Further, we performed transport assays with capillaries that had been pretreated with an inhibitor of either transcription (1 μM actinomycin D) or translation (50 μg/ml cycloheximide) before treatment with C1P. Neither inhibitor blocked C1P-mediated P-glycoprotein induction (Fig. 4C). Together, these data strongly suggest that C1P increases P-glycoprotein activity without increasing overall transporter protein expression.

To explore an alternative mechanism of how P-glycoprotein is up-regulated, we pretreated capillaries with 400 nM brefeldin A, an inhibitor of vesicle formation that prevents intracellular protein trafficking (Klausner et al., 1992). Breldein A is certainly not specific for P-glycoprotein, but it has previously been shown to prevent the trafficking of intracellular P-glycoprotein to the plasma membrane (Fu et al., 2004). Our study found that pretreatment with brefeldin A blocked C1P-mediated P-glycoprotein induction (Fig. 4D). It is possible that exposure to C1P may lead to relocation of P-glycoprotein, causing increased P-glycoprotein activity at the BBB. Alternatively, vesicle trafficking may be involved elsewhere in the C1P-initiated signaling cascade.

C1P Requires Phospholipase A2 and COX-2 Signaling.
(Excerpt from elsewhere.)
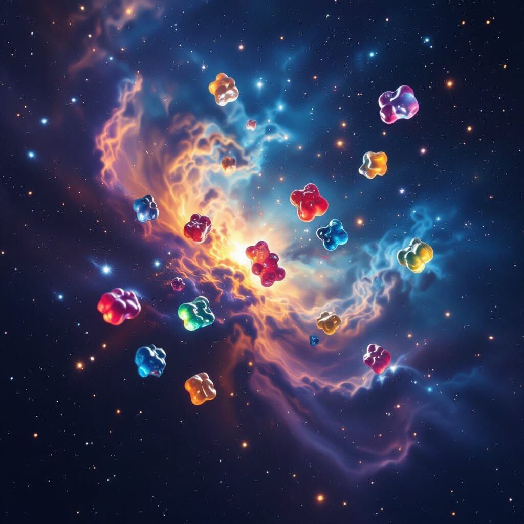 This image showcases gummy bears soaring through a cosmic nebula, inspired by Hubble and Spitzer Space Telescope imagery. Features volumetric lighting and rich blues and purples with iridescent highlights.

We sought to identify the signaling cascade through which C1P increases P-glycoprotein activity. Previous studies in cell lines indicate that C1P stimulates the release of arachidonic acid (AA) by activating cytosolic phospholipase A2 (PLA2) (Pettus et al., 2003, 2004; Nakamura et al., 2006). Furthermore, both AA and cyclooxygenase-2 (COX-2), the enzyme that converts AA into prostaglandins, have previously been associated with increased P-glycoprotein transport activity (Bauer et al., 2008; Zibell et al., 2009). As such, we investigated whether C1P depends on activation of an AA/COX-2-associated signaling cascade to alter P-glycoprotein activity.

We inhibited PLA2 by pretreating capillaries with chlorpromazine (200 nM; 40 minutes), which blocked the ability of C1P to increase P-glycoprotein activity (Fig. 5A). Next, we blocked COX-2 with two selective inhibitors: celecoxib (100 nM; 40 minutes) and NS-398 (5 μM; 40 minutes), which similarly blocked the action of C1P (Fig. 5, B and C).

Fig. 5.

Fig. 5.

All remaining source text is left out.